### [Record extracts]

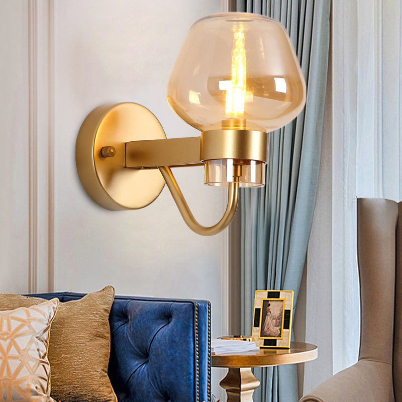 1 Bulb Jar Sconce Lamp - Clear/Amber/Smoke Gray Glass Wall Lighting For Bedside Amber
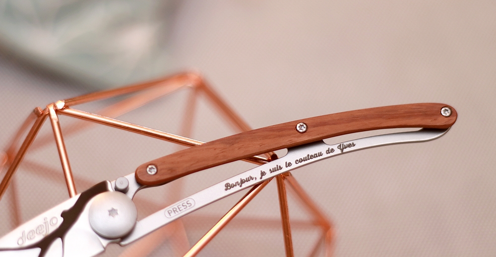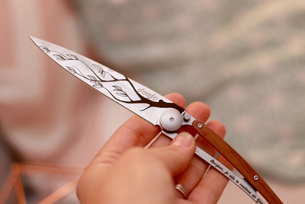 D’abord, leur forme est stylée et ergonomique. Et, en plus d’être utiles, les couteaux Deejo sont jolis (moi je trouve en tout cas !) et personnalisables.
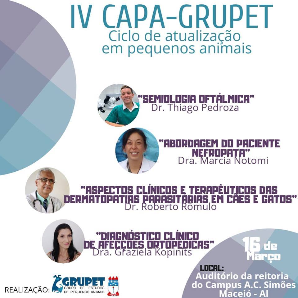 Estudantes e profissionais da área de Medicina Veterinária de Alagoas têm a oportunidade de participar do 4º Ciclo de Atualização em Pequenos Animais (Capa), que reunirá especialistas das áreas de oftalmologia, nefrologia, dermatologia e ortopedia.
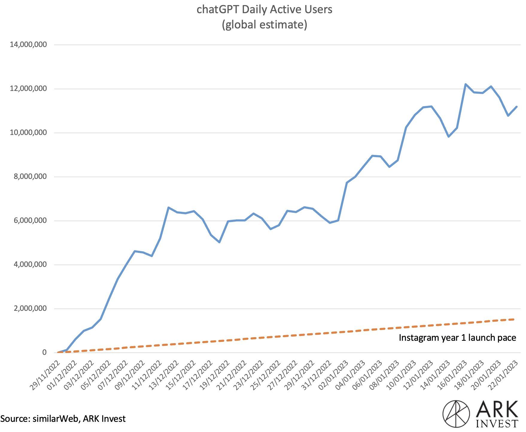 根据 ARK 风险投资公司首席未来学家 Brett Winton 的统计数据,ChatGPT 在推出不到两个月的时间内,日活跃用户已突破千万。而同样曾引发轰动的 Instagram 则需要整整 355 天才能达到这一成就。
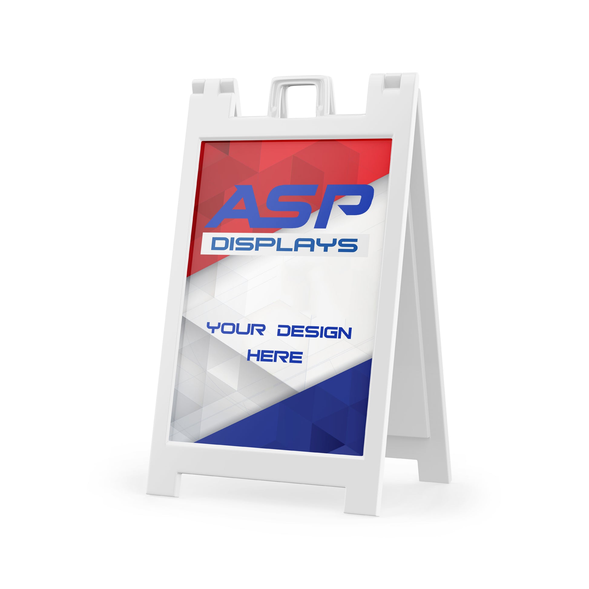 Frames are available in black or white and are made out of durable plastic that prevents rust and splinters. Frame can be filled with water or sand for stability. Set includes two signboards; each signboard is printed single-sided made out of coroplast.
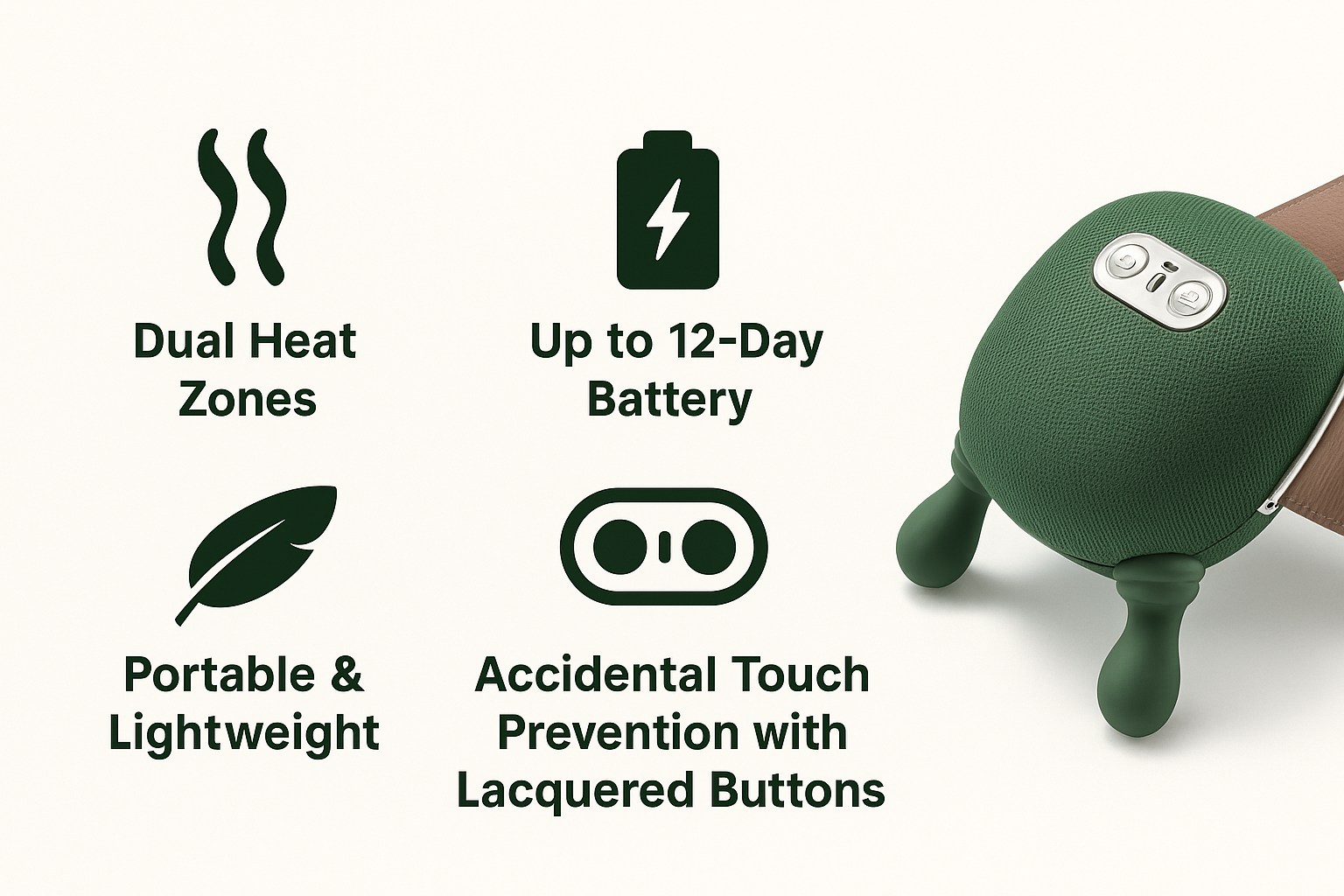 Dual Heat Therapy β Soothing warmth that melts away stiffness.

### [Work request]
Copy out the full material exactly. Pictures should not appear in it.

### [Answer area]
 1 Bulb Jar Sconce Lamp - Clear/Amber/Smoke Gray Glass Wall Lighting For Bedside Amber
 D’abord, leur forme est stylée et ergonomique. Et, en plus d’être utiles, les couteaux Deejo sont jolis (moi je trouve en tout cas !) et personnalisables.
 Estudantes e profissionais da área de Medicina Veterinária de Alagoas têm a oportunidade de participar do 4º Ciclo de Atualização em Pequenos Animais (Capa), que reunirá especialistas das áreas de oftalmologia, nefrologia, dermatologia e ortopedia.
 根据 ARK 风险投资公司首席未来学家 Brett Winton 的统计数据,ChatGPT 在推出不到两个月的时间内,日活跃用户已突破千万。而同样曾引发轰动的 Instagram 则需要整整 355 天才能达到这一成就。
 Frames are available in black or white and are made out of durable plastic that prevents rust and splinters. Frame can be filled with water or sand for stability. Set includes two signboards; each signboard is printed single-sided made out of coroplast.
 Dual Heat Therapy β Soothing warmth that melts away stiffness.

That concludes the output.